Al ferrocarril se lo asoció con el progreso desde sus inicios. Pero el progreso, al menos como lo concebimos por aquí, siempre supuso que desaparecieran profesiones: la fotocomposición acabó con los linotipistas, los ordenadores personales con los fotocomponedores… Muchas veces la nueva tecnología creaba puestos a los que podían acceder los profesionales desplazados. Así los primeros taxistas habían sido antes cocheros de punto, y puede que el ferrocarril incorporara en su plantilla a los dedicados a la posta en las rutas donde se implantaba. Pero, ¿qué se habrá hecho de los maridos? No creo que las empresas ferroviarias asumieran a los trabajadores de otras industrias, de la láctea en este caso.

Sé de los maridos gracias a Corpus Barga, un escritor que se fue a Lima a escribir sobre Comillas, donde veraneaba de niño, y de otras cosas. Eran los años en que los escritores malos podían irse a Perú o a México, porque aquí había que hacer sitio a los buenos, los que iban a misa los domingos. En consecuencia en México se pensaba mucho en Madrid, como dice Agustín Lara en un chotis, y en Lima en el Comillas de principios del siglo XX, cuando en la playa ponían una cuerda, y un vigilante para la cuerda, que separaba las zonas dedicadas a hombres y a mujeres. Y eso que por entonces los hombres y las mujeres no iban a la playa: eran sus asexuados sosias, las damas y los caballeros, quienes lo hacían.

El ferrocarril acabó con los maridos; el pelargón, con las nodrizas, y el vídeo mató a la estrella de la radio, por este orden.

Las damas y los caballeros eran veraneantes que pasaban el resto del año en Madrid, y allí contrataban nodrizas, amas de cría, también llamadas amas húmedas porque las había secas, para dar de mamar a su prole.

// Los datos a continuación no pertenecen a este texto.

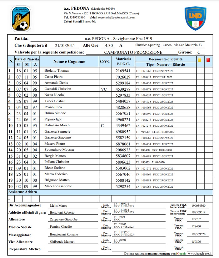 PEDONA vs Saviglianese Fbc 1919 1-1 (Dalmasso)
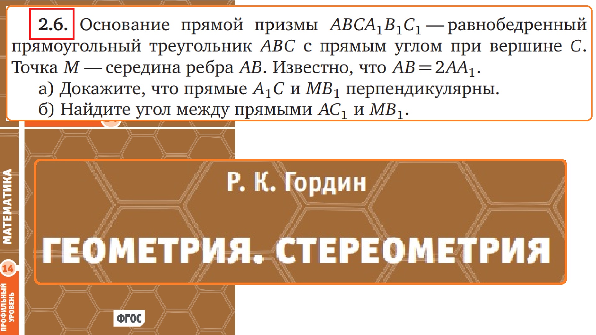 Задача 2.6. Геометрия. Стереометрия. ЕГЭ. Профильная математика. Р. К. Гордин.
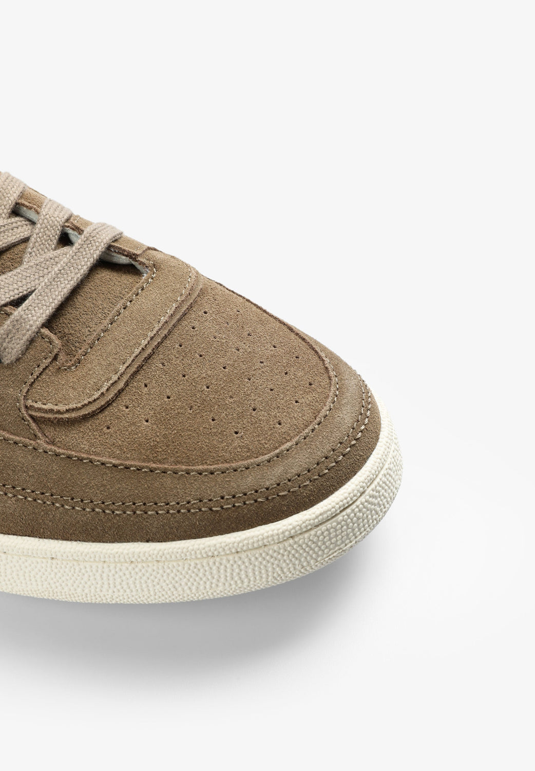 Sneakers confeccionada en piel terminada en serraje. Cierre con cordones a tono, suela de goma a contraste y parche de calavera lateral.
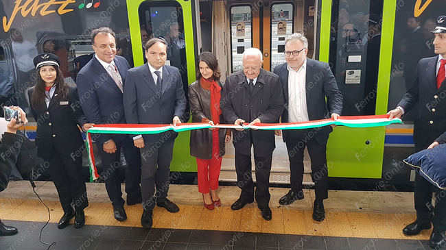 Il taglio del nastro c'è stato oggi alla stazione di Napoli Centrale, durante il quale erano presenti il Presidente della Regione Campania Vincenzo De Luca e il Direttore Divisione Passeggeri Regionale di Trenitalia, Maria Giaconia.
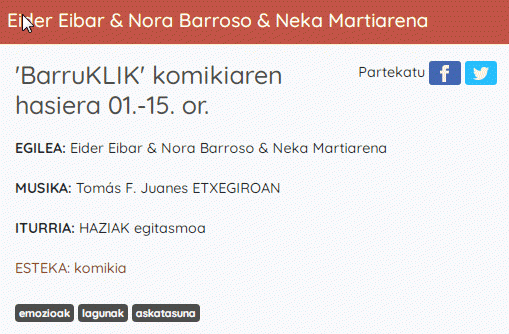 BarruKLIK [Interneteko baliabidea - Audioa] komikiaren hasiera 01.-15. or. / egilea, Eider Eibar, Nora Barroso eta Neka Martiarena ; ahotsa, María Uriarte Artamendi ; ekoizpena, Etxegiroan ; musika, Tomás F. Juanes
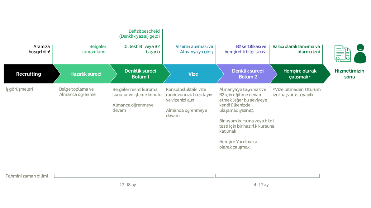 Size sadece bir işe yerleştirme hizmeti değil, çok daha fazlasını sunuyoruz. Bütünsel yaklaşımımızla, bilgi akışı, seçenekler, dil eğitimi, mesleki dil ve hemşirelik becerileri sınavları, vize başvurusu, denklik işlemleri, konaklama yeri, anaokulundan sürekli eğitimler organize etmeye kadar tüm süreçle ilgileniyoruz.
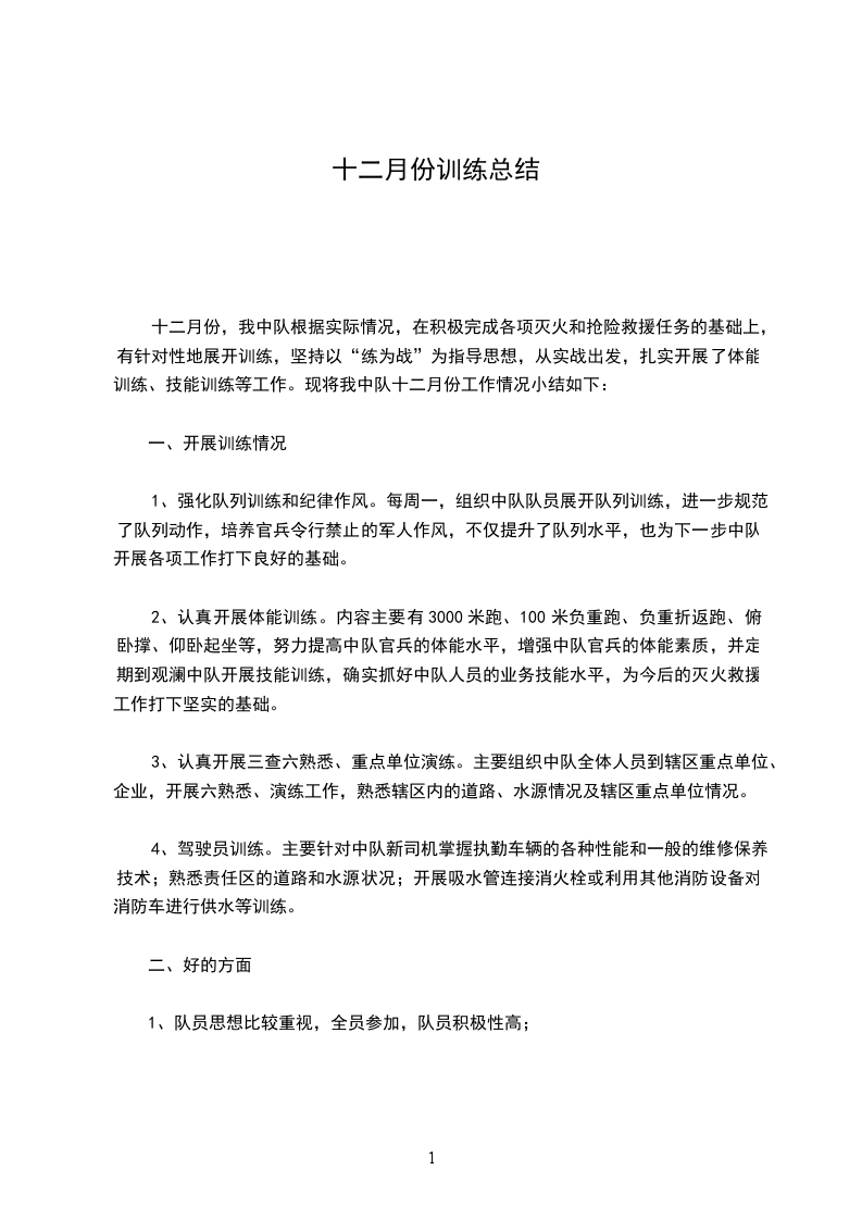 十二月份,我中队根据实际情况,在积极完成各项灭火和抢险救援任务的基础上,有针对性地展开训练,坚持以“练为战”为指导思想,从实战出发,扎实开展了体能训练、技能训练等工作。现将我中队十二月份工作情况小结如下:
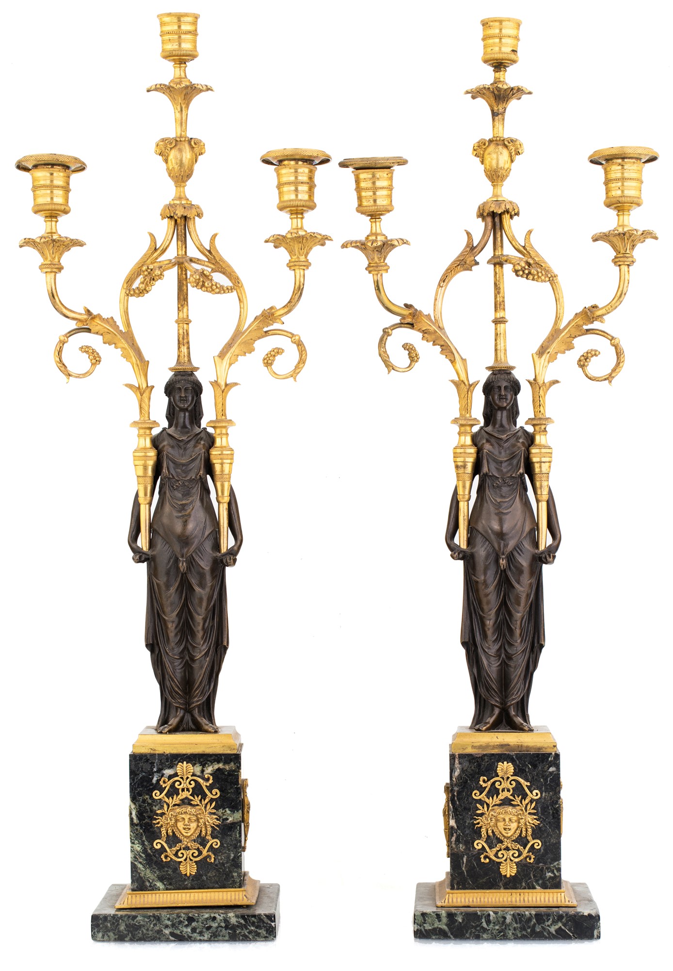 Coppia di candelabri a tre luci in bronzo brunito e dorato, Francia, periodo dell'Impero con figure di vestale su piedistalli squadrati in marmo verde decorati da applicazioni dorate in forma di mascherone e anfore classiche, altezza cm 66
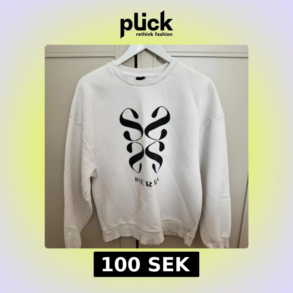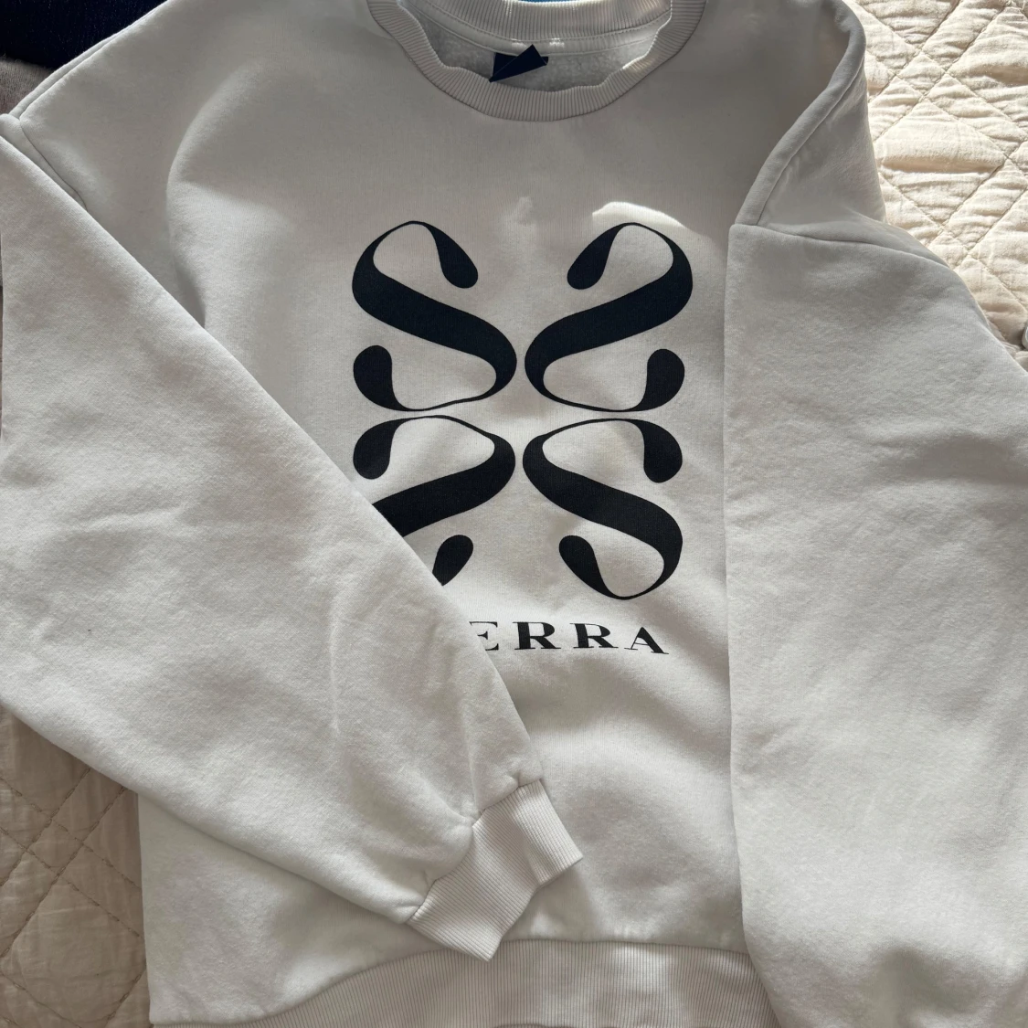 SĂ€ljer en vit sweatshirt frĂ„n Gina med ett svart grafiskt tryck pĂ„ framsidan. Hör av dig vid intresse! đ€

Para que una nodriza generara leche era necesario que tuviera su propio hijo, claro, que mamaba a la vez que el hijo de la señora. Este y el del ama devenían así hermanos de leche, un vínculo que a más de un hijo de nodriza le supuso ser ujier en un ministerio cuando el otro mamón llegaba a ministro. Corpus habla de «… las nodrizas gallegas, tan famosas como las pasiegas y más numerosas», y seguramente sea este mayor número el que le lleve a atribuirles maridos solo a ellas, sin mencionar a las pasiegas en este aspecto. El caso es que cuando el niño del ama crecía, su madre quedaba sin leche y, por tanto, sin trabajo. Un viaje a Galicia a preñar de nuevo llevaría un tiempo sin actividad y un gasto impensable, por lo que la nodriza gallega, de acuerdo con su hombre en el terruño, recurría a los servicios de un profesional para que la pusiera de nuevo en condiciones de dar leche sin moverse de Madrid: a este profesional se le llamaba marido. Cuando la mujer había sacado adelante  unos cuantos hijos, y tenía los ahorros suficientes, volvía a su tierra con la totalidad de la prole parida, la mitad de la criada, que su marido oficial asumía como propia. Eran los tiempos en que los hijos suponían fuerza de trabajo gratuita, es decir, casi toda la historia de la humanidad: échese un vistazo al derecho romano.

Cuando la industria láctea encontró el modo de librarse de la competencia de las amas húmedas en el servicio al sector más joven de los consumidores, los maridos ya habían desaparecido: el ferrocarril permitió viajes rápidos y baratos. El ferrocarril acabó con los maridos; el pelargón, con las nodrizas, y el vídeo mató a la estrella de la radio, por este orden.

Las nodrizas merecen un recuerdo agradecido por tantos ministros, obispos y prohombres en general que tuvimos gracias a ellas. Pero el noble oficio de marido ha contribuido también al crecimiento del capital humano patrio y se lo recuerda menos todavía. Yo lo hago con cierta frecuencia: concretamente cada vez que el Alvia me deja tirado en Alar del Rey.